Four Japanese chefs and one sommelier have won a trip to Australia after winning Austrade Japan’s Taste of Australia menu competition.
The competition saw 42 restaurants across Japan create menus using Australian premium produce, with the final cook-off broadcast on local television.
The winners were gifted a visit to Victoria’s Lethbridge Wines vineyard, the Jade Tiger abalone facility, Koo Wee Rup asparagus grower-packer-exporter Momack Produce and the Queen Victoria Market in Melbourne’s CBD before heading to a cook-off with Australian chefs.
On tour with the chefs was Austrade's Tokyo-based trade commissioner Julianne Merriman and trade specialist Kiyoko Owaza, who said the competition was designed to increase awareness of a variety of Australian produce and wine in Japan’s high-end food service industry.
“Part of this visit was allowing these chefs to experience the natural environment in which Australian produce is grown, and see how it is handled to gain an understanding of the supply chain,” explained Merriman. “Now, they can go back to Japan and can tell a story about the produce.
“They can talk from experience and can be ambassadors for Australian produce.”

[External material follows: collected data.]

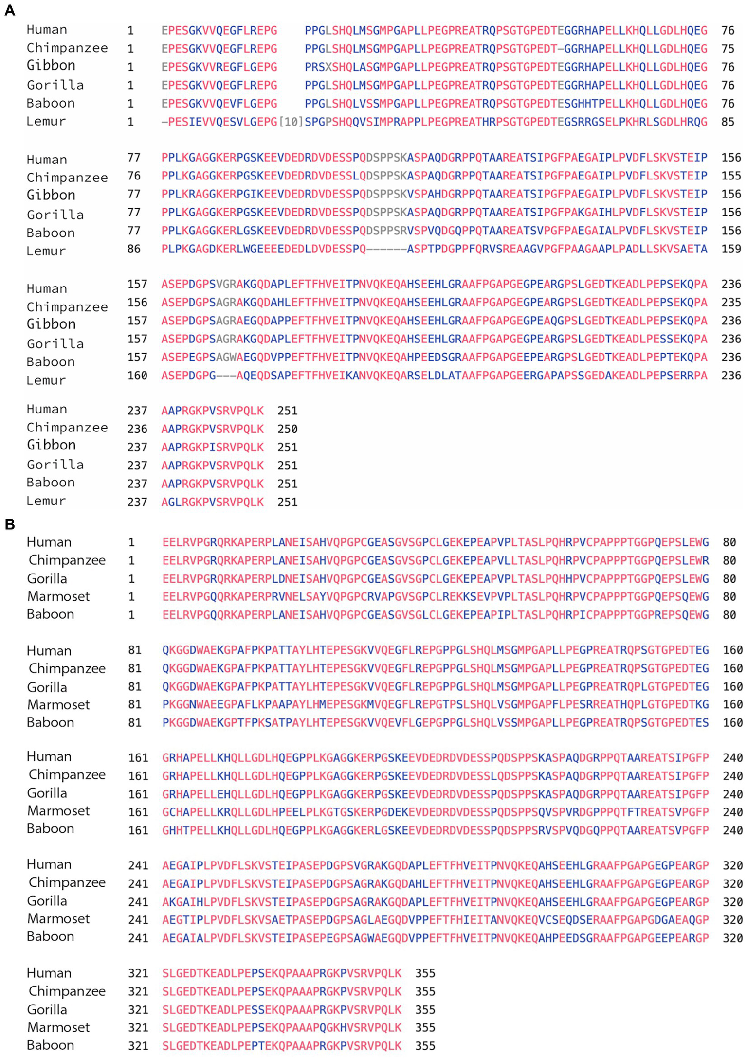 (A) Alignment of exon 4a in primates. Using the multiple alignment tool of COBALT for analysis of the 4a exon in primates including human, chimpanzee, gibbon, gorilla, baboon, and lemur. (B) Alignment of exon 4a-L in primates. Using the multiple alignment tool of COBALT for analysis of the 4a-L exon in primates including human, chimpanzee, gorilla, marmoset, and baboon.
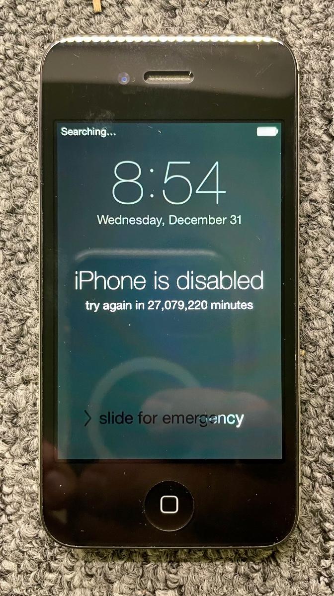 In original box, includes charging cord, soft rubberized phone case, and users guide. Good physical condition, phone charges up but screen is locked. Password is unknown.
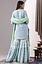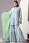 Featuring a powder blue short kurta in cotton base with block print and lace detailing. It is paired with matching printed gharara pants and a mulmul block printed dupatta.
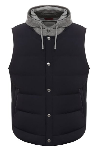 Темно-синий стеганый жилет выручит в капризное межсезонье: его можно носить как верхнюю одежду или превратить в дополнительный слой под тонким пальто. Для пошива модели использовали эластичный мембранный нейлон, обработанный водоотталкивающим составом. Еще комфортнее изделие делает легкий наполнитель из отборного гусиного пуха и съемная нагрудная вставка с регулируемым капюшоном, выполненная из мягкого трикотажа.
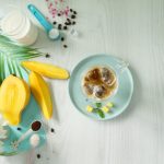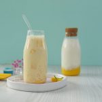 -Glass mein mango puree (2-3 tbs),ice cubes,tayyar milk mixture (1/2 Cup) aur dissolved coffee (2 tbs) dal ker ache tarhan mix ker lein & serve karein!
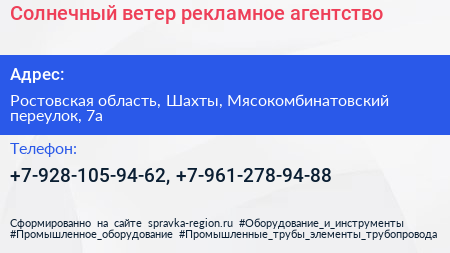 Солнечный ветер, рекламное агентство по адресу Ростовская область, Шахты, Мясокомбинатовский переулок, 7а в дальнейшем Организация, размещена в следующих категориях:
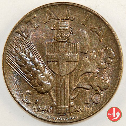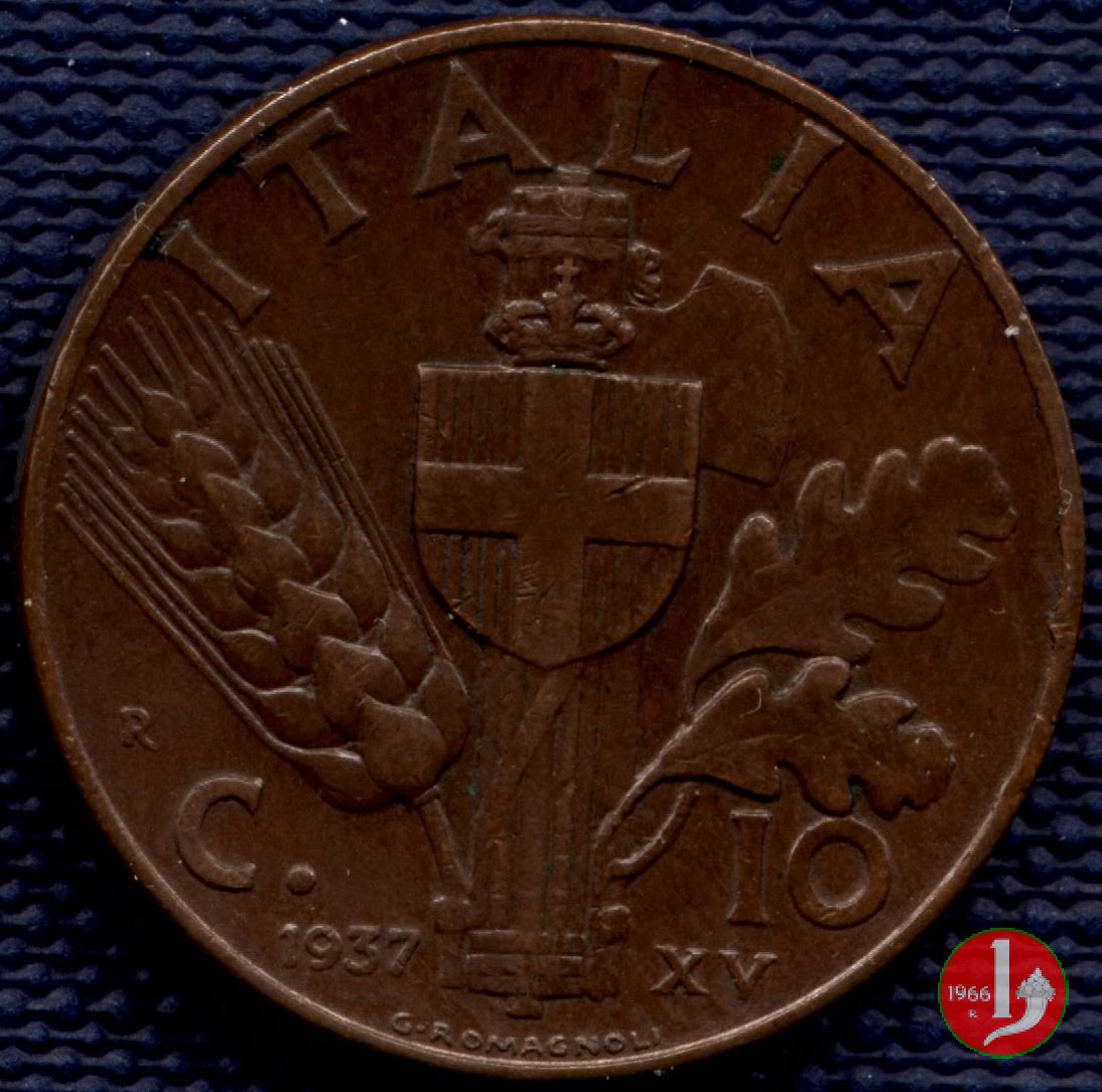 10 centesimi impero bronzital Obverse: Stemma sabaudo con corona reale sovrapposto ad un fascio. A destra una foglia di quercia, a sinistra una spiga di grano. Ai lati della base del fascio millesimo e anno dell'Era Fascista; sopra l'indicazione del valore (C. 10). In alto lungo il bordo la scritta ITALIA, a ore 4 l'indicazione dell'autore (G. ROMAGNOLI) e a ore 8 il segno di zecca (R). Reverse: Volto del Re a sinistra, intorno la scritta VITT. EM. III. RE. E. IMP. | |

While Australian beef, wine and seafood already have a strong reputation in Japan, Merriman said the recently signed Japan-Australia free trade agreement (JAEPA), market access, and the favourable exchange rate have opened a window of opportunity to push the premium message around other Australian produce, such as fruit and vegetables.
The five Japanese winners included Tomohiko Murakami of RIHGA Royal Hotel Restaurant Chambord, Masami Katano of the Prince Park Tower Tokyo Brise Verte, Takayuki Ogawa or Ruby Jack’s Steakhouse Bar, Munehiro Takasue of Cerulean Tower Toyko Hotel and Natsuki Sata of Resort Trust XIV Kyoto Yase Rikyu.
Australian table grapes make mark in Japan
Australian table grape exports to Japan have been the success story of the season, with around 500 containers shipped to the country during the 2015/16 season, up from the forecast 350 containers.
“We gained market access for Australian table grapes in 2014, and along with JAEPA, it’s been a perfect storm for table grape exporters,” Merriman said.
Indeed, the winning chef in the Taste of Australia menu competition used smoked grapes in one of his dishes, which Merriman said blew the judges away.